Hayduke Trail – Day 11 (24 miles)

Hayduke Trail – Day 11 (24 miles)

After yesterday afternoons problem of not finding the way down the cliff, I was a bit worried getting up this morning.

After a bit of searching I found a route that was fairly steep but relatively straightforward. I was down. I walked along the creek bed for about half a mile and then turned to skirt along the bottom of the cliff I just descended.

I was heading for Swap Canyon, but first I ducked down into another canyon to get some much-needed water.
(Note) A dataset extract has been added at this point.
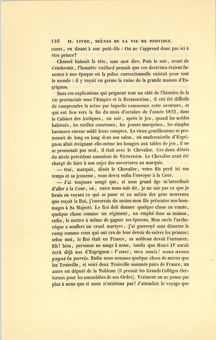 – J’ai toujours songé que, si mon grand âge m’interdisait d’aller à la Cour, où, entre nous soit dit, je ne sais pas ce que je ferais en voyant ce qui se passe et au milieu des gens nouveaux que reçoit le Roi, j’enverrais du moins mon fils présenter nos hommages à Sa Majesté. Le Roi doit donner quelque chose au comte, quelque chose comme un régiment, un emploi dans sa maison, enfin, le mettre à même de gagner ses éperons. Mon oncle l’archevêque a souffert un cruel martyre, j’ai guerroyé sans déserter le camp comme ceux qui ont cru de leur devoir de suivre les princes : selon moi, le Roi était en France, sa noblesse devait l’entourer. Eh ! bien, personne ne songe à nous, tandis que Henri IV aurait écrit déjà aux d’Esgrignon : Venez, mes amis ! nous avons gagné la partie. Enfin nous sommes quelque chose de mieux que les Troisville, et voici deux Troisville nommés pairs de France, un autre est député de la Noblesse (il prenait les Grands Colléges électoraux pour les assemblées de son ordre). Vraiment on ne pense pas plus à nous que si nous n’existions pas ! J’attendais le voyage que {p. 147} les princes devaient faire par ici ; mais les princes ne viennent pas à nous, il faut donc aller à eux…

I filled up 3 litres and drank 2 straight away.

Two problems solved this morning.

I climbed straight out the other side of the canyon and headed for Swap a few miles further on. When I got there, I tried a few side washes into the canyon but kept getting cliffed out. I found one that went on my third attempt.

Swap turned out to be an easy walk on a nice, flat dry creek bed. Along the way, I passed a couple of very small springs. At the second one, I wanted to fill up as I was facing a 20-mile dry stretch. The tiny flow was too small to use so I dug a little hole.

I kept on following Swap down until it opened out onto the Grand Gulch, a massive valley that runs along the eastern boarder of Capital Reef NP.

Here I got on a rather high use dirt road and used it to get up Burr Canyon. I continued to walk up as a few cars drove past, watching me rather curiously.

When I got to the top I turned off the road and went down into Mukey Twist Canyon. I spent the rest of the afternoon in awe. The canyon was magnificent, with caves, slot canyons and some of the most impressive sandstone walls I’ve ever seen. The walls of the canyon were vertical and were so slick and smooth.

At first, I walked with a lady who was out for a day hike. We chatted for a little while before she wanted to slow down and I wanted to speed up. For the rest of the afternoon, I wasted battery taking so many photos. If you are ever near Capitol Reef NP make sure you come check Lower Mukey Twist Canyon out. It is approx. 20 miles from one trailhead to the other and would make an excellent overnighter). I walked till dusk and watched the setting sun light up the rocks all around me.